By transparently redirecting all DNS requests to their own servers, Comcast would eliminate this method of circumventing their advertising. They could also block sites at the DNS level much more easily than before.
A lot of censorship schemes (ab)use DNS in order to return a bogus result to a query; these schemes aren't very good, though, because any user with two brain cells to rub together and the tiniest bit of motivation can change their DNS configuration to use clean servers instead. By doing transparent redirection, you prevent this.

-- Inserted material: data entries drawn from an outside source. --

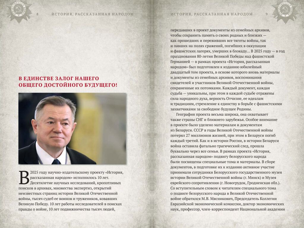 «10 лет проект «История, рассказанная народом» взывает к душам и сердцам ныне живущих, новых поколений: помните свою историю, храните память о героях и едином братском прошлом наших народов, осознайте, что в единстве залог нашего общего достойного будущего!» – говорится во вступительном слове к изданию Государственного секретаря Союзного государства Беларуси и России, академика РАН Сергея Юрьевича Глазьева.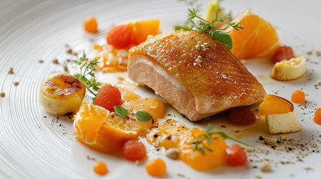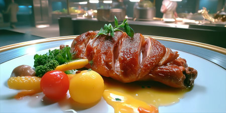 Roasted chicken leg with glazed sauce and seasonal vegetables on elegant plate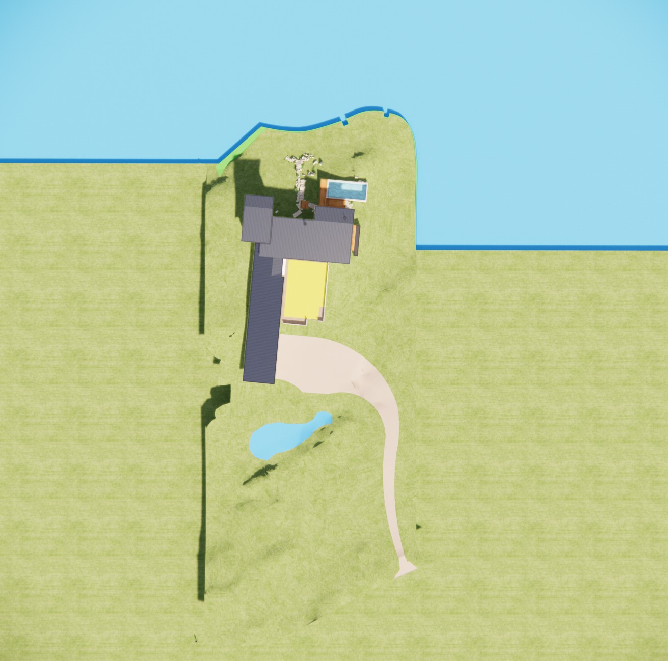 create a photorealistic birds eye view site plan rendering top down high oblique drone view choose whichever matches the reference match the reference image exactly do not alter any geometry green areas are natural native land yellow areas grass lawn mown healthy slightly sun faded late summer tone brown areas brown gravel driveway angular gravel texture realistic compaction subtle tire patterning if shown smaller blue shape natural pond irregular natural edges shallow to deeper gradient natural coloration bigger blue shape at top of image is the lake context location contemporary lakehouse on inks lake texas hill country keep all site geometry and relationships identical to the reference shoreline bulkhead line dock walkway tie in boathouse position house position and any terraces paths shoreline water match reference lake occupies the portion of the frame consistent with the reference plan view water body shape must match exactly calm blue green water at normal level with gentle wind ripples and realistic reflections where visible from above shoreline has a concrete bulkhead with low native grasses immediately above it retain exact bulkhead geometry and alignment architecture do not alter retain the exact structure from the reference window arrangement rooflines foundation height proportions two story portion is a screen porch keep its openness and scale exactly as shown materials white stucco siding light gray standing seam metal roofing exposed timber rafter tails accurate glazing with realistic reflections no warped fenestration dock boathouse boat include a boathouse connected to the shore via a dock walkway tied into the bulkhead exact placement per reference place one boat in the water near the boathouse floating naturally with minimal disturbance small ripples consistent with calm conditions keep relative position consistent with the reference topography planting use reference topo lines use the topo lines from the reference to build an accurate site behind the bulkhead no smoothing no reinterpretation minimal site disturbance native drought tolerant hill country landscaping and natural pathways planting scattered live oaks ashe juniper dry golden grasses with occasional green pockets prickly pear accents only where consistent with the reference lighting atmosphere render quality lighting late summer afternoon sun position top left shadows cast bottom right physically accurate direction intensity subtle atmospheric depth warm haze over distant low hills if visible hyper real architectural visualization high micro texture detail stucco metal seams wood grain concrete bulkhead gravel balanced hdr crisp edges crisp shadows vibrant clear sky if included output 8k photoreal render plan site emphasis no diagram styling not flat vector realistic materials and light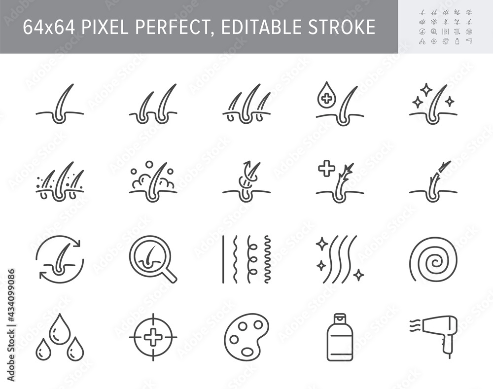 • Hair cosmetic line icons. Vector illustration include icon - skincare, frizzy, repair, revitalizing, scalp, dandruff, follicle outline pictogram for trichology. 64x64 Pixel Perfect, Editable Stroke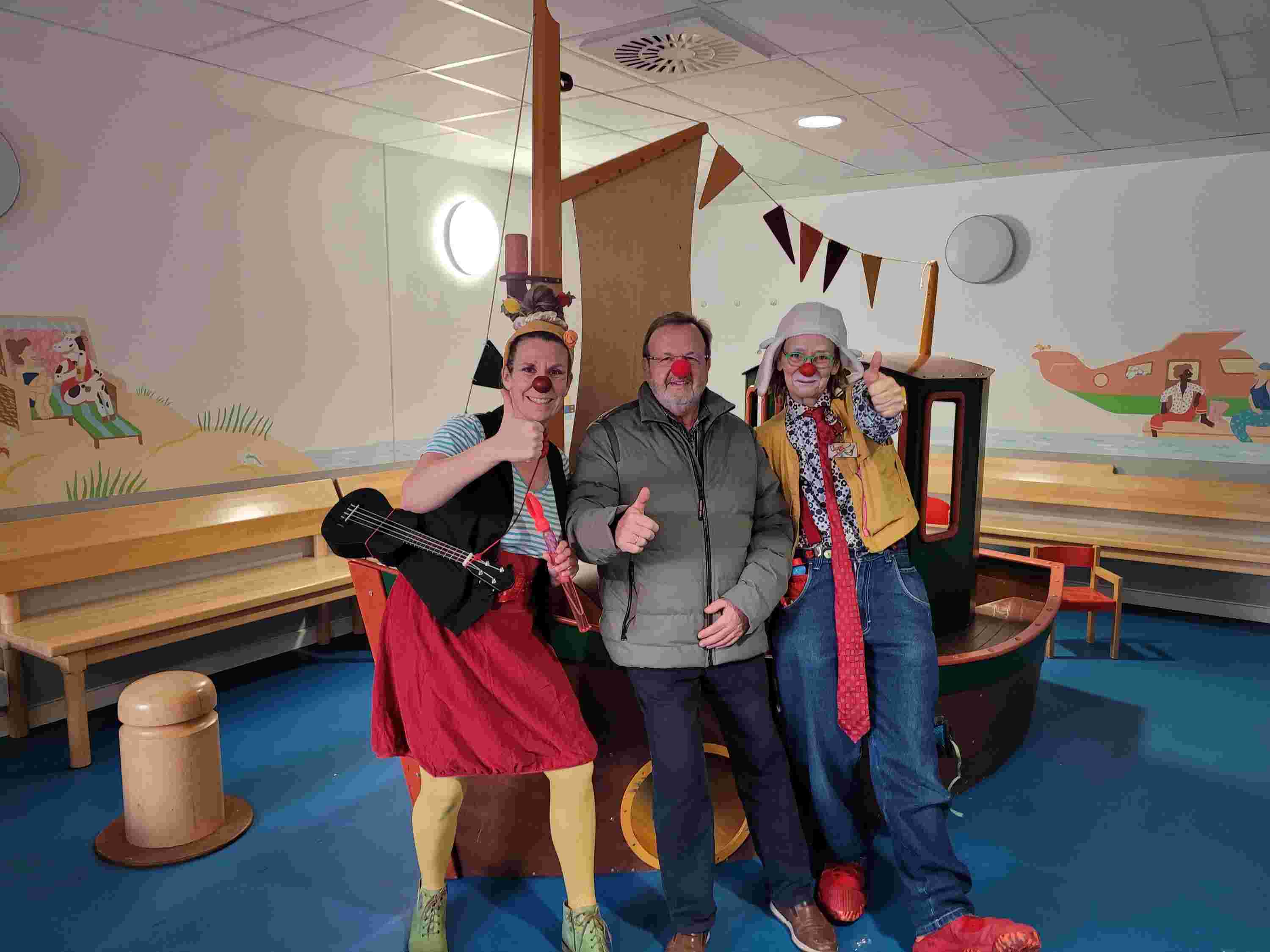 Zum 70. Geburtstag wünschte sich Wolfgang Ehresmann, im Bild mit den Klinikclown*innen Pauline(li.) und Upps (re.), statt Geschenke Spenden für die Klinikclowns im Städtischen. Dabei kamen wunderbare 490 Euro zusammen und wir danken sehr herzlich für diese fabelhafte Idee zugunsten der kleine Patient*innen im Städtischen!

Those strike me as the two obvious reasons. The profit-motivated one (squatting on failed DNS queries) is annoying and causes many non-web applications to fail or behave improperly, but it's not nearly as bad as the censorship-motivated one is. However, the same technique that makes failed-lookup ads harder to avoid could easily be used as part of a censorship scheme if demanded by the government. It's important that even casual Internet users (who may not really care about returning a "page not found" web page instead of the normal browser message) understand why letting their ISP monkey with DNS lookups is a Really Bad Idea.
In both cases you can get around the hijacking by using a VPN and forcing DNS queries though it, but that's significantly harder than changing from automatically-assigned DNS servers to well-known ones like OpenDNS's or Verisign's.

--
"Ladies and gentlemen, my killbot features Lotus Notes and a machine gun. It is the finest available."